Xilitla itself is a small town — maybe 15,000 people — that sits at a lower elevation than the garden and has the particular quality of small Huastecan towns: warm, slightly humid, with a market that sells both altitude crops (coffee, vanilla) and lowland tropical fruits, and people who are accustomed to visitors arriving for the garden and departing without engaging much with the town.

The coffee from this region is worth paying attention to — the altitude and cloud-forest conditions produce arabica with a slightly fruity, high-acid profile that is sold both as green beans and roasted at a few stalls in the market. I bought two hundred grams of roasted beans and carried them back to San Luis Potosí in my bag and thought about them the whole journey.

There’s a monastery — the Ex-Convento de San Agustín, sixteenth-century — at the center of town that most visitors who come for Las Pozas don’t enter, which is a mistake. The cloister has a peculiar overgrown quality that rhymes visually with the garden up the hill. Whether that’s coincidence or Edward James noticed it when he chose this location, I couldn’t say.

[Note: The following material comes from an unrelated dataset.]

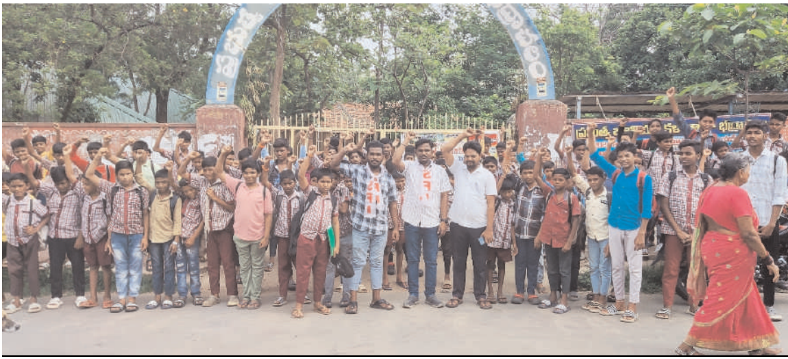
శ్రీ వైతన్య విద్యాలయంపై చర్యలు తీసుకోవాలి

దేశవ్యాప్తంగా విద్యార్థుల బంధుకు వామపక్ష అఖిలపక్ష విద్యార్థి సంఘాలు పిలుపునిచ్చిన సందర్భంలో భద్రాచలం పట్టణంలోని అన్ని ప్రభుత్వ ప్రైవేటు కళాశాలలు బంధుకు సంపూర్ణ సహాయ సహకారాలు అందించినప్పటికీ చర్చ రోడ్ లో ఉన్నటువంటి శ్రీ వైతన్య విద్యాలయంపై బండ్ ప్రకటించకపోవడమే కాకుండా విద్యార్థి సంఘాలు వెళ్లి బండ్ చేయాలని అడిగిన సందర్భంలో అక్కడ ఉన్న ట్రినిటీ విద్యార్థి సంఘ నాయకులపై ఇష్టానుసారంగా మాట్లాడుతూ దౌర్జన్యాలకు పాల్పడారని అలాగే శ్రీ వైతన్య విద్యాలయంపై తక్షణమే చర్యలు తీసుకోవాలని విద్యార్థి సంఘాలు డిమాండ్ చేశాయి. శ్రీ వైతన్య సూట్ నందు విచ్చలవిడిగా ఫీజులు దండుకోవడమే కాకుండా విద్యను వ్యాపారం చేస్తూ... పుస్తకాలు, నోట్స్ లు, టై, టెల్లు, ఇతర స్టేషనరీ అంత మా స్కూల్లోనే కొనాలి అని నిబంధన పెట్టడం జరిగింది విద్య హక్కు చట్టాన్ని తుంగలో తొక్కుతూ అధికారులను కూడా శాసించే స్థాయికి శ్రీ వైతన్య విద్యాలయంపై యాజమాన్యాల ఉన్యాయని భద్రాచలం ఏజెన్సీ ప్రాంతం అయినప్పటికీ అక్కడ ఉన్న చట్టాలను కూడా లెక్కచేయకుండా విద్య వ్యాపారం చేస్తున్నారని వారు తెలియజేశారు తక్షణమే శ్రీ వైతన్య విద్యాలయంపై ఉన్నతాధికారులు చర్యలు తీసుకోవాలని వారు ప్రభుత్వాన్ని డిమాండ్ చేశారు లేనియెడల దశల వారి పోరాటాలు శ్రీ వైతన్య విద్యాలయంపై నిర్వహిస్తున్నారని వారు తెలియజేశారు. బండ్ కు ప్రభుత్వ ప్రైవేటు విద్యాలయాల సంపూర్ణ సహకారం అందించారని వారు తెలియజేశారు. ఈ బంధుకు సహకరించిన విద్యార్థిని విద్యార్థులకు విద్యార్థుల తల్లిదండ్రులకు ప్రభుత్వ ప్రైవేటు యాజమాన్యాలకు విద్యార్థి సంఘ నాయకులు ధన్యవాదాలు తెలియజేశారు. ఈ కార్యక్రమంలో రవీంద్ర, చందు వర్మ, సురేష్, నాగకృష్ణ, తదితరులు పాల్గొన్నారు.

The natural swimming pools at Las Pozas, clear cold water pooled at the base of a waterfall with concrete structures visible at the edge, a thick cloud forest canopy above

Lia described Las Pozas, afterward, as the Dalí of gardens. I think she’s right, with the addition that the Salvador Dalí Museum in Figueres was designed by someone who knew what he was building and controlled the outcome. Las Pozas was designed by someone who had the same impulse and let the jungle design the rest. The result is stranger, and also sadder, and also more alive.

Practical Notes

Xilitla is roughly 300 kilometers northeast of San Luis Potosí city — about 4 to 5 hours by car on roads that become increasingly winding as you enter the sierra. There are bus services from San Luis Potosí and from Ciudad Valles (the nearest large city, 90 minutes by road); check current schedules as they change seasonally.

Las Pozas is open daily from 9am to 6pm. Admission was around 100 pesos at last visit. The site is maintained by the Xilitla Foundation; guided tours are available and useful for understanding the intent behind specific structures, though wandering unguided also works.

Wear shoes with grip — the paths are stone and concrete and become very slippery when wet. The dry season (November to April) offers more photogenic conditions; the wet season is greener and more atmospheric but also muddier. Bring insect repellent regardless of season.

Accommodation in Xilitla is limited: a handful of small hotels, the best of which are up in the hills above town with views into the cloud forest. Posada El Castillo is a hotel actually within a house that Edward James built on the property — it sleeps a small number of guests and is the most obviously correct place to stay. Book far in advance.